Objective: Deep brain stimulation (DBS) of the subthalamic nucleus (STN) is effectively used to treat motor symptoms in Parkinson's disease (PD). Recently more attention has been paid to behavioral disturbances caused by PD itself and by STN-DBS. In the 6-hydroxydopamine (6-OHDA) PD rat model, we investigated the effect of STN-DBS on motivation and deficient prepulse inhibition induced by the dopamine receptor agonist apomorphine, which is an operant measure of disturbed sensorimotor gating.

Methods: Male Sprague Dawley rats with bilateral lesions of the nigrostriatal dopamine system (striatal injection of 6-OHDA or vehicle for sham-lesion) were bilaterally implanted with electrodes for DBS into the STN. After determination of the individual threshold, which was usually between 80 and 160 μA, rats were stimulated with 20% below this threshold with 130 Hz, 80 μs pulse width or sham-stimulated for epochs of five days. After each epoch, the rats were tested for motivation to lever press for pellet reward in a Skinner box. In addition, rats were tested for prepulse inhibition (PPI) of startle after apomorphine- and vehicle injection.

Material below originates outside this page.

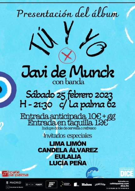 JAVI DE MUNCK presenta su primer álbum «Tú y Yo» acompañado de su banda y de todas las colaboraciones que forman parte de su disco (Lima Limón, Candela Álvarez, Lucía Peña y Eulalia). El tricantino arranca 2023 con más ilusión y proyectos que nunca, tras un 2022 en el que ha ido mostrando pedazos de su repertorio pop y alegre.
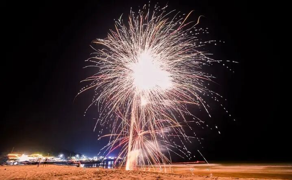 春节期间海边沙滩的烟花不间断

Results: Rats with 6-OHDA induced lesions were marginally less motivated to lever-press for reward than sham-lesioned rats, which was not affected by STN-DBS. The apomorphine-induced PPI-deficit was further worsened by STN-stimulation in sham lesioned, but not in lesioned rats. In lesioned rats, the startle reaction was enhanced by the combination of STN-DBS and apomorphine.

Conclusions: These data suggest that STN-DBS affects the neuronal circuits responsible for certain behavioral symptoms after dopamine receptor activation. With respect to functional neurosurgery, STN-DBS may worsen deficient sensorimotor gating and it may also be involved in behavioral disturbances of PD patients after STN-DBS.